In 2019,
Kaspersky prevented attacks carried out by Shlayer, a malware Trojan family, at least once on every 10
th device
using Kaspersky Solutions for Mac, making this threat the most
widespread for macOS users. A smart malware distribution system, Shlayer
spreads via a partner network, entertainment websites and even
Wikipedia, demonstrating that even users who only visit legal sites
still need additional protection online.
Despite
macOS' reputation as a much safer and more secure system, there are
still cybercriminals trying their luck to profit from macOS users, and
Shlayer is a perfect example. It specializes in the installation of
adware - programs that terrorize users by feeding illicit ads,
intercepting and gathering users' browser queries, and modifying search
results to distribute even more advertising messages.
Shlayer's
share among all attacks on macOS devices registered by Kaspersky
products in January - November 2019 amounted to almost a third (29.28%),
with nearly all other top 10 macOS threats being the adware that
Shlayer installs: AdWare.OSX.Bnodlero, AdWare.OSX.Geonei,
AdWare.OSX.Pirrit and AdWare.OSX.Cimpli. Furthermore, ever since Shlayer
was first detected, its infection algorithm has hardly changed, even
though its activity barely decreased, making it an especially relevant
threat that users need protection from.
The
infection process often consists of two phases. First, the user
installs Shlayer, then the malware installs a selected type of adware.

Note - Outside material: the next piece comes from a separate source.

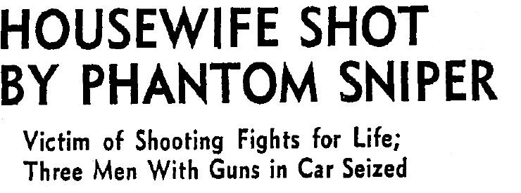 The first two mystery shootings barely made the news. The evening of August 27, 1951, 21-year-old housewife, Lois Kreutzer, was calling a doctor about her sick infant from a phone booth near her home in semi-rural Pico Rivera when a bullet shattered the glass, striking Mrs. Kreutzer in the left lung. She was taken to the hospital in critical condition. The bullet had been fired from a 22-caliber rifle by an unidentified person.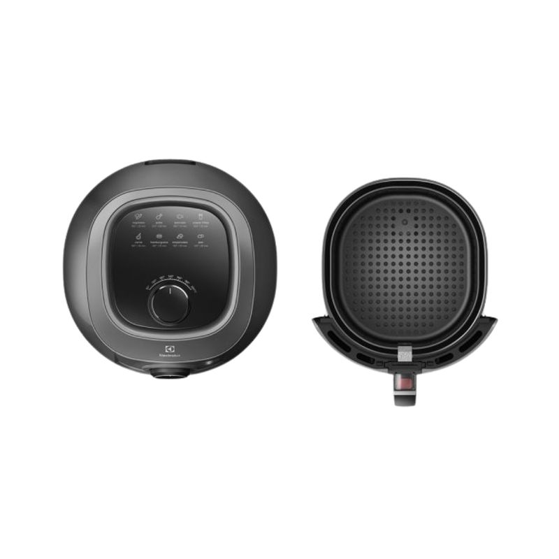 La Airfryer Electrolux combina funcionalidad y diseño moderno con acabado en gris oscuro. Su capacidad de 5 litros permite cocinar porciones familiares, ideales para comidas rápidas, saludables y deliciosas.

Device infection, however, starts with an unwitting user downloading the
malicious program. In order to achieve installations, the threat actor
behind Shlayer set up a distribution system with a number of channels
leading users to download the malware.
Shlayer is offered as a way to monetize websites in a number of file partner programs,
with relatively high payment for each malware installation made by
American users, prompting over 1,000 "partner sites" to distribute
Shlayer. This scheme works as follows: a user looks for a TV series
episode or a sports broadcast, and advertising landing pages redirect
them to fake Flash Player update pages. From here, the victim would
download the malware. For every such installation, the partner who
distributed links to the malware receives a pay-per-install payment.
Other
schemes lead to a fake Adobe Flash update page redirecting users from
various large online services with multi-million-visitor audiences,
including YouTube, where links to the malicious website were included in
video descriptions, and Wikipedia, where such links were hidden in the
articles' references. Users that clicked on these links would also get
redirected to the Shlayer download landing pages. Kaspersky researchers
found 700 domains with malicious content, links to which were placed on a
variety of legitimate websites.
YouTube video and Wikipedia page with malicious links in description
Almost
all of the websites leading to a fake Flash Player contained content in
English. This corresponds with the top countries where users have been
affected by the threat - the USA (31%), Germany (14%), France (10%) and
the UK (10%).
Shlayer victims' geography, February 2018 - October 2019
"The
macOS platform is a good source of revenue for cybercriminals, who are
constantly looking for new ways to deceive users, and actively use
social engineering techniques to spread their malware," said Anton
Ivanov, Kaspersky security analyst. "This case demonstrates that such
threats can be found even on legitimate sites. Luckily for macOS users,
the most widespread threats that target macOS currently revolve around
feeding illicit advertising, rather than something more dangerous, such
as stealing financial data. A good web security solution can protect
users from threats such as these, making the experience of searching the
web safe and pleasant."
Kaspersky solutions detect Shlayer and its artefacts with the following verdicts:
- HEUR:Trojan-Downloader.OSX.Shlayer.*
- not-a-virus:HEUR:AdWare.OSX.Cimpli.*
- not-a-virus:AdWare.Script.SearchExt.*
- not-a-virus:AdWare.Python.CimpliAds.*
- not-a-virus:HEUR:AdWare.Script.MacGenerator.gen
Pages, artefacts and links for this Trojan family, as well as additional details of the findings, can be found on Securelist.com.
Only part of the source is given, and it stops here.